Tajik cuisine has much in common with Uzbek, Afghan, Russian, and Iranian cuisines. It is known for dishes such as kabuli pulao, qabili palau, and samanu. The national food and drink are plov and green tea, respectively.

Traditional Tajikistani meals begin with small dishes of dried fruit, nuts, and halva, followed by soup and meat, and finished with plov. Tea accompanies every meal, and is often served between meals as a gesture of hospitality. It is often drunk unsweetened. Tajik cuisine offers a large variety of fruit, meat, and soup dishes.

==Sport==

Tajikistan's mountains provide many opportunities for outdoor sports, such as hill climbing, mountain biking, rock climbing, skiing, snowboarding, hiking, and mountain climbing. The facilities are limited, however. Mountain climbing and hiking tours to the Fann and Pamir Mountains, including the 7,000 m peaks in the region, are seasonally organized by local and international alpine agencies.

Football is the most popular sport in Tajikistan. The Tajikistan national football team competes in FIFA and AFC competitions. The top clubs in Tajikistan compete in the Tajik League.

Four Tajikistani athletes have won Olympic medals for their country since independence. They are: wrestler Yusup Abdusalomov (silver in Belijing 2008), judoka Rasul Boqiev (bronze in Beijing 2008), boxer Mavzuna Chorieva (bronze in London 2012) and Dilshod Nazarov (gold in hammer throw in Rio 2016) .

==Cinema==

Tajikistan's film industry dates from 1929. The first official movie studio, called Tajikkino (later renamed to Tajikfilm), began operation in 1930. In 1935, Tajikkino started producing movies with voice-over. Some experts believe 1970–80 to be the golden age for Tajikfilm. Subsidized by the government, the studio was able to produce about six feature films each year.

Examples of Tajikfilm's success during the Soviet times are such movies as The Legend of Rustam, The Legend of Rustam and Siavoush, and The Legend of the Smith Kova, based on stories from Ferdowsi's Shahnameh; First Morning of Adolescence (Юнности Первое Утро), which tells the life story of people living in Badakhshan in the beginning of the Soviet Empire, when its army was still struggling with the Basmachi movement; a trilogy New tales from Shaherizada, based on Arabic tales One Thousand and One Nights.

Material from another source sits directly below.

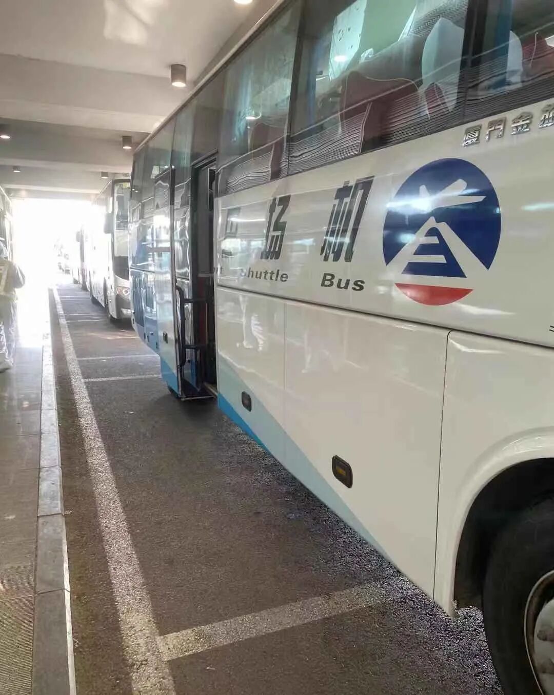 机场有专人疏导指引,随后乘坐机场巴士前往酒店,行进中全程带着口罩开展工作,严肃中带着专业,专业中不乏温暖。

Among prominent Tajik producers are Valeriy Ahadov and Davlat Khudoynazarov.

After the breakdown of the Soviet Union and the civil war in Tajikistan (1992–1997), Tajik cinema went downwards. The studio mainly survived by taking small foreign orders, and produced only a few of its own movies.
Mohsen Makhmalbaf's film Sex & Philosophy from 2005 was set and produced in Tajikistan, as was the film Angel on the Right by Jamshed Usmonov from 2002. Other Tajik movies produced in the past two decades include: Kosh ba Kosh (1993), Business trip (1998, documentary), and Luna Papa (1999, a joint project of Tajikfilm with some counterparts from Germany, Austria, Switzerland, Japan, and Russia).

==Art==
Chakan embroidery is the practice of sewing symbolic images on cotton or silk with brightly colored thread. These depict mythological images, nature, or the cosmos. The embroidery is done on clothing and on common household items such as curtains, bedspreads, and pillows. Chakan items are an important part of marriage ceremonies, with a bride wearing a Chakan shirt and the groom wearing an embroidered skullcap called a "tāqi". Tajik women and girls will commonly wear Chakan clothing during national festivals and holidays.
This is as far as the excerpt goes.